1. Howard J, Trevick S, Younger DS. Epidemiology of Multiple Sclerosis. Neurol Clin. 2016;34:919–939.

2. Miller DH, Grossman RI, Reingold SC, McFarland HF. The role of magnetic resonance techniques in understanding and managing multiple sclerosis. Brain. 1998;121 ( Pt 1):3–24.

3. Jazz, AI Medical AG; Accessed at: www.ai-medical.ch.

4. Calvi A, Haider L, Prados F, Tur C, Chard D, Barkhof F. In vivo imaging of chronic active lesions in multiple sclerosis. Mult Scler. Epub 2020 Sep 23.:135245852095858.

5. Elliott C, Wolinsky JS, Hauser SL, et al. Slowly expanding/evolving lesions as a magnetic resonance imaging marker of chronic active multiple sclerosis lesions. Mult Scler. 2019;25:1915–1925.

6. Elliott C, Belachew S, Wolinsky JS, et al. Chronic white matter lesion activity predicts clinical progression in primary progressive multiple sclerosis. Brain. 2019;142:2787–2799.

Figures

Fig 1. A. The software permits navigation of images by exam date and MRI sequence using single click operations, permitting fast and accurate lesion evaluation. B. The software also permits lesion-annotation using single-click operation, with automatic lesion localization and single click correction, if necessary. C. Lesion locking permits fixation of a lesion with cross lines, and fast evaluation in all three plans using single click operations.

Fig 2. A. Average Reading time and standard deviation for both readers per case. B. Significantly more news lesions were detected using the Jazz software (average of both readers) compared to the standard report. C. No slowly expending lesions were described in the standard reports, while a significant number of slowly expending lesions were described by both readers using the jazz software.

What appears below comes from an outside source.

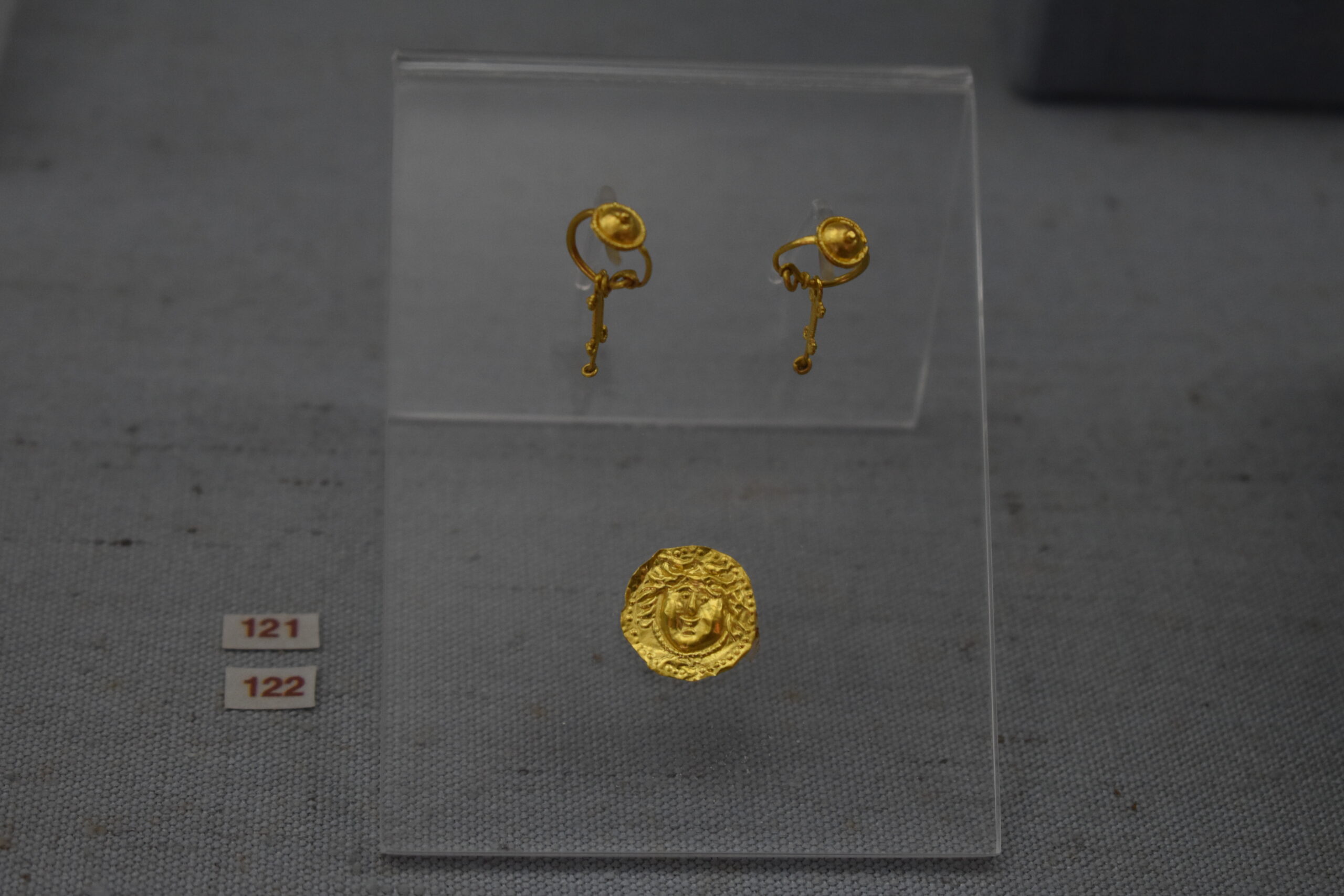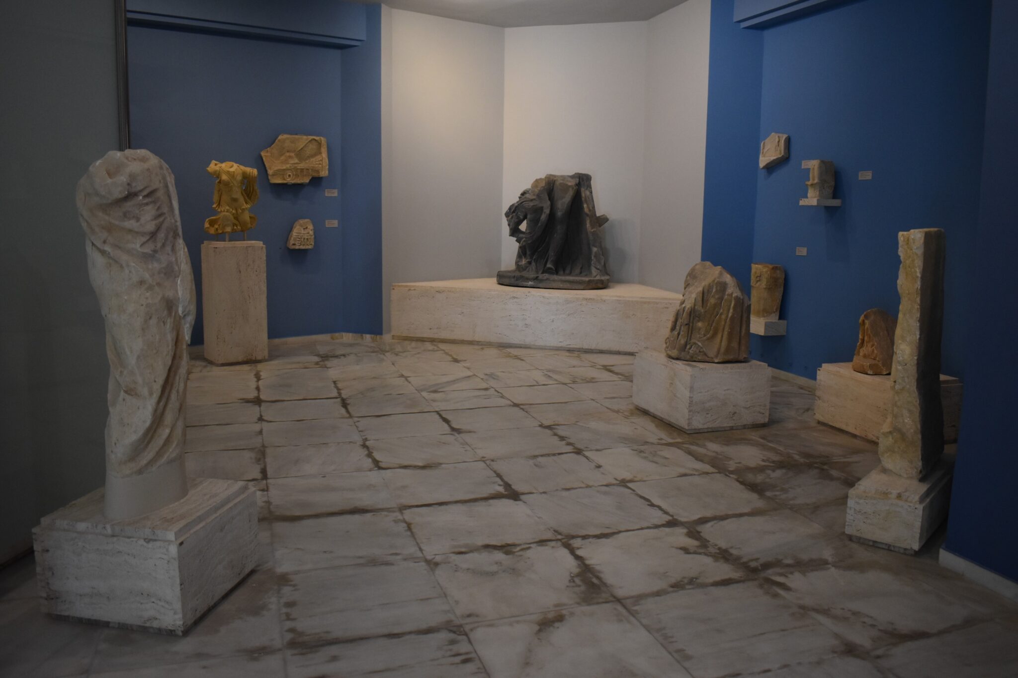 Μια πλούσια συλλογή από επιγραφές, κιονόκρανα, αναθηματικά ανάγλυφα, μαρμάρινα εδώλια και αγαλματίδια, κοσμήματα και ένας ιδιαίτερα ενδιαφέρων εμπορικός αμφορέας με χαραγμένο σε κορινθιακή αλφάβητο το όνομα του ιδιοκτήτη, εκτίθενται στην πρώτη αίθουσα του μικρού αλλά περιεκτικού μουσείου.

Fig 3. Missed new lesions (arrows) on the standard report, but described by both readers with the Jazz Software

Fig 4. Example of multiple slowly expending lesions, not described in the standard report but described with the Jazz software. Slowly expending lesions are difficult to detect, because each lesion is only minimally different from the previous exam. Slowly evolving lesions are easier to detect using the dedicated Jazz software, because the user can switch between current and previous exam with a single click, which permits comparison of the lesion without eye movements.